However, the typical Wiegand interface is susceptible to various types of security attacks. For example, it is possible for an intruder to remove an RFID reader from the wall mount, and tap directly into the Wiegand data lines with a “sniffer” device. In addition to the data lines, the sniffer device can use the Wiegand+V and GND lines to power itself. Such a sniffer device could be configured to capture and record Wiegand data messages, which would allow for playback at any RFID enabled door that accepts the card data. Such a device could be remotely controlled by means of a secondary wireless interface, which would eliminate the need to subsequently remove the reader or otherwise establish a control mechanism to initiate a playback sequence.

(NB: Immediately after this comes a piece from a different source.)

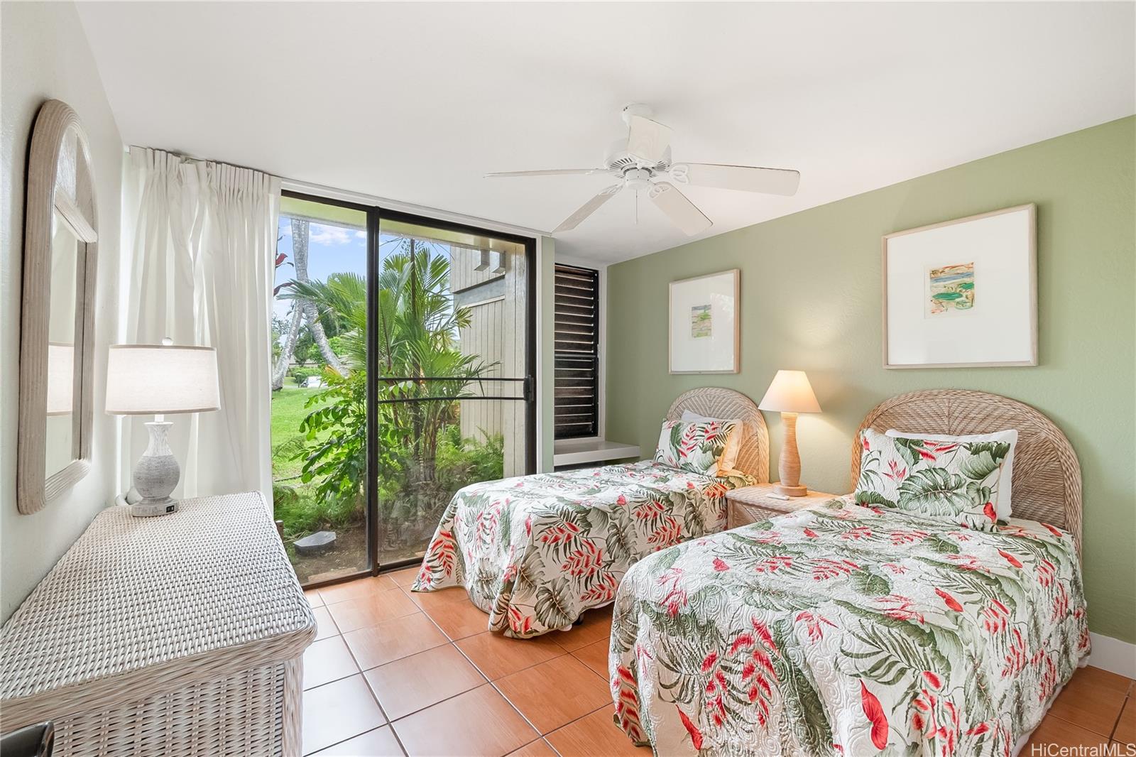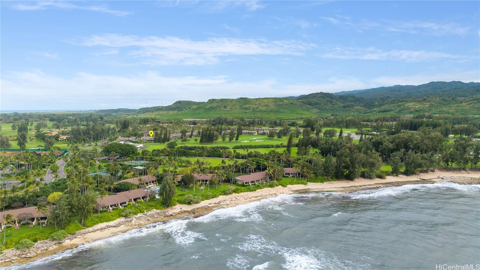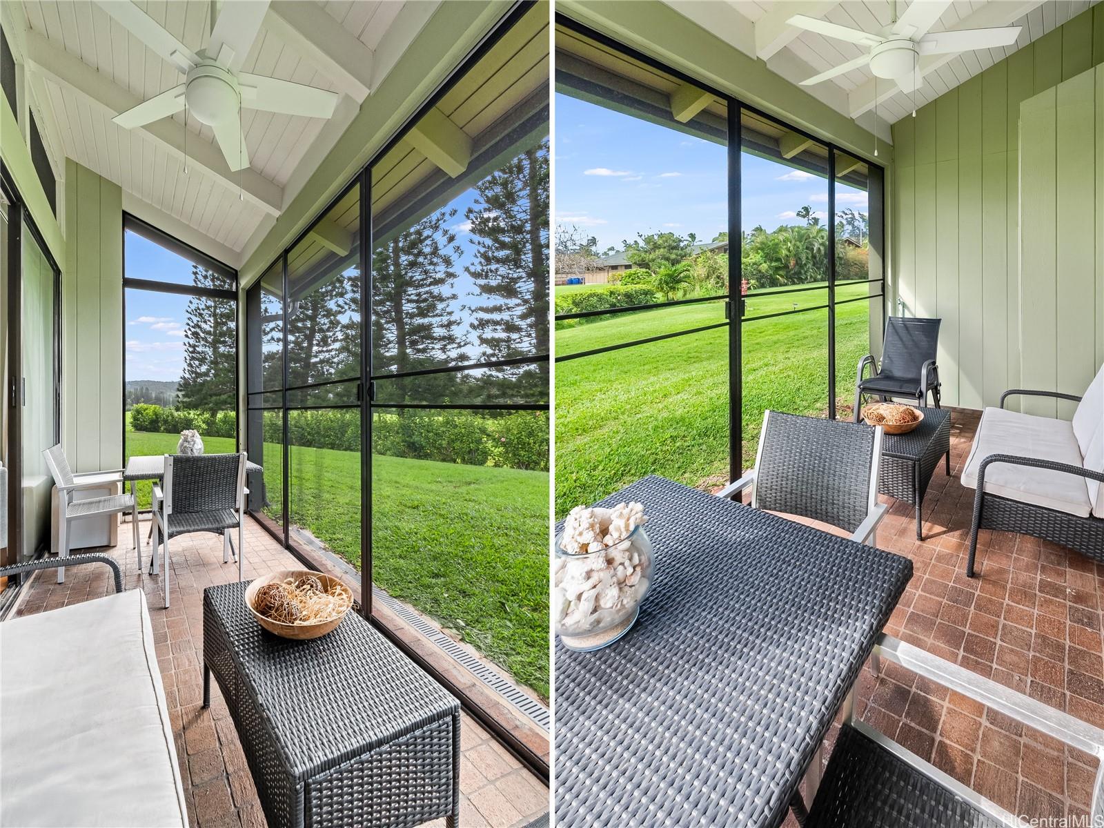 Highly desired ground floor unit and legal short-term rental in Kuilima Estates West at Turtle Bay on O?ahu’s North Shore. Ideally positioned on the 1st tee of the Fazio Course and just steps from the clubhouse, this 2-bedroom, 2-bath + loft home offers premier golf course frontage with beautiful views. The screened lanai enhances the indoor-outdoor island living. The well-maintained interior features tile flooring throughout, granite countertops, updated appliances, window A/C units in both bedrooms, ceiling fans, and a full-size washer and dryer. The flexible floor plan accommodates up to six guests with one king bed and four twin beds, offering versatility for personal use or short-term rental occupancy.Enjoy access to multiple swimming pools, BBQ areas, tennis, pickleball, and basketball courts, championship golf courses, and nearby beach access within the world-renowned Turtle Bay resort community. Whether used as a vacation retreat, second home, or legal short-term rental, this property offers the opportunity to experience the best of North Shore living.

This data could be played back at any time, allowing unauthorized entry. For example, an intruder could flash a counterfeit badge at the RFID reader, then press a button on a hidden transmitter, which would inform a secreted circuit tied in parallel with the RFID reader to send a recorded Wiegand message to the access controller. Accordingly, there is a need to provide more security to such access control systems.

OVERVIEW

The access control systems and methods disclosed herein utilize a secure Wiegand or similar type of communication interface. In one example embodiment, an access control system includes at least one authorized RFID card, an RFID reader and an access controller. The RFID reader may be located in an unsecure area and accessible to RFID card holders. The RFID reader receives identification information associated with the RFID card and communicated thereto via the RFID card and forwards it to the access controller for processing. The access controller may be located in a secure, remote area. The access controller processes the received identification information and determines whether to grant access to the restricted area or service. In one example embodiment, the RFID reader communicates with the access controller via a secure Wiegand interface using techniques described herein.
In one example embodiment, the RFID reader includes an RFID card interface configured to receive an RFID signal including at least identification data associated with a holder of an RFID card. The reader further includes a controller, configured to extract the identification data from the received RFID signal, calculate the message sequence number, and generate an access controller message based at least in part on the identification data. The message may further include an RFID reader identifier and a message sequence number. The reader further includes an encryption engine configured to encrypt the generated message (for example, using a block cipher or a public-key encryption algorithm, or the like). An access controller interface is configured to transmit the encrypted message to the remote access controller.
In one example embodiment, the access controller includes an RFID reader interface configured to receive the encrypted message and a decryption engine configured to decrypt the received message. The access controller further includes an authentication engine configured to authenticate decrypted messages based on at least the RFID reader identifier and the message sequence number. The authentication engine is configured to compare the message sequence number retrieved from the received message with, for example, a previously received and stored message sequence number. The authentication engine is further configured to compare the RFID reader identifier retrieved from the received message with one or more stored RFID reader identifiers. The access controller is further configured to determine whether identification data received and decrypted corresponds to an authorized RFID card. The access controller further includes circuitry for generating an access control signal granting access to the restricted areas or services responsive to the presentation of an authorized RFID card.
In one example embodiment, an access control method may be implemented as follows: an RFID card signal from an RFID card is received at an RFID card reader. The RFID card signal includes at least identification data associated with the RFID card. The RFID card reader extracts the identification data from the RFID card signal and generates an access control message based at least in part on the identification data, an RFID reader identifier associated with the RFID card reader and a message sequence number associated uniquely with the access control message. The access control message is encrypted at the RFID card reader (e.g., using a block cipher, public-key encryption algorithm, or the like) and the encrypted access control message is sent to a remote access controller via a Wiegand or similar interface. The message sequence number may be a sequential number (which may repeat after a certain number of messages) or may be a pseudo-random number generated by a pseudo-random number generating algorithm (which may also repeat after a certain number of messages. A time/date stamp may be used for the message sequence number if such data is available. The message sequence number changes after each message.
In another example embodiment, an access control method may be implemented as follows: an access controller receives an encrypted RFID reader message over a Wiegand-type RFID reader interface from a remote RFID reader. The access controller then decrypts the RFID reader message and retrieves the RFID reader identifier and/or the message sequence number. The access controller authenticates the RFID reader message based at least in part by comparing (1) the retrieved message sequence number with the stored (or calculated) message sequence number and/or (2) the retrieved RFID reader identifier with the stored RFID reader identifier. Upon authentication an access control signal is sent to enable access (e.g., opening or unlocking a door, or the like).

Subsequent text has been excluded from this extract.